Damon McDougall

Generic accumulator functions using numpy

2024-02-17 update

A very astute observer stumbled across this post almost ten years after I wrote it to kindly inform me that:

Now back to the original article…

So numpy.cumsum is pretty useful. It returns an array of the running sum of elements from another array.

In [1]: a = np.array([1, 2, 3, 4])

In [2]: np.cumsum(a)
Out[2]: array([ 1,  3,  6, 10])

It’s sometimes the case that I don’t quite want to compute the cumulative sum, but instead some small variation. Say I wanted to compute this instead: b[i] = b[i-1] + c * a[i] for each i = 1, 2, 3, ..., n.

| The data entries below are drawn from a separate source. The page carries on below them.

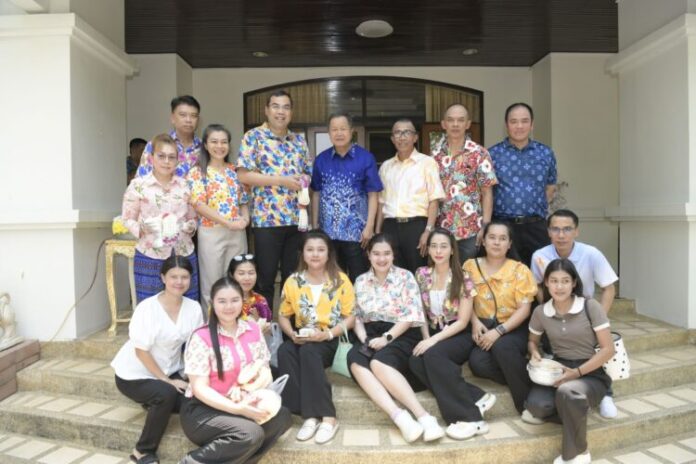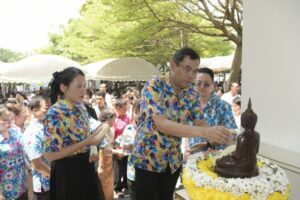 เพียงเพ็ญ รองผู้ว่าราชการจังหวัดนนทบุรี นำคณะข้าราชการ พนักงาน เจ้าหน้าที่ สมาชิกเหล่ากาชาด ผู้บริหารองค์กรปกครองส่วนท้องถิ่นและภาคเอกชน ร่วมในพิธีรดน้ำขอพร นายเชษฐา โมสิกรัตน์ ผู้ว่าราชการจังหวัดนนทบุรี และ นางจิราภรณ์ โมสิ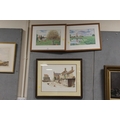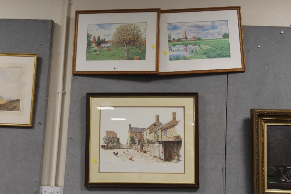 A PAIR OF FRAMED AND GLAZED PRINTS OF RURAL LANDSCAPES TOGETHER WITH A MICHAEL COOPER PRINT OF A FARMYARD (3)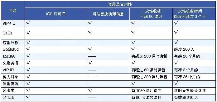 调研发现,VIPKID、DaDa英语、鲸鱼外教、久趣英语及伴鱼英语在课时、收费跨度上均符合意见要求;GoGoKid、abc360、51Talk、魔力英语、VIPJR、阿卡索等平台存在一次性收费时间跨度超过3个月或3个月到12个月时间,甚至包括三年的套餐,在课时多少、收费时间跨度上不符合规定。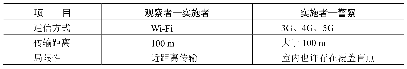 在我们这个场景下,“摧毁者”的行为要受到“观察者”控制。因此,“摧毁者”和“观察者”之间是近距离通信,采用近距离通信方式即可,如百米传输距离的Wi-Fi技术。“观察者”和警察之间有可能是远距离操作,因此合适的通信方式是远距离通信方式,如3G、4G、5G。

Well now I’m stuffed. I can’t hack cumsum to give me the right thing. Although, during my quest of trying, I discovered that numpy.cumsum is identical to numpy.add.acumulate. Then I read the documentation for accumulate and understood that any binary numpy.ufunc will implement the accumulate method and ‘do the right thing’. The function numpy.multiply is one such example and gives rise to numpy.cumprod.

So, now I needed to write my own ufunc. Turns out it’s kind of a disaster when you just want something quick and dirty.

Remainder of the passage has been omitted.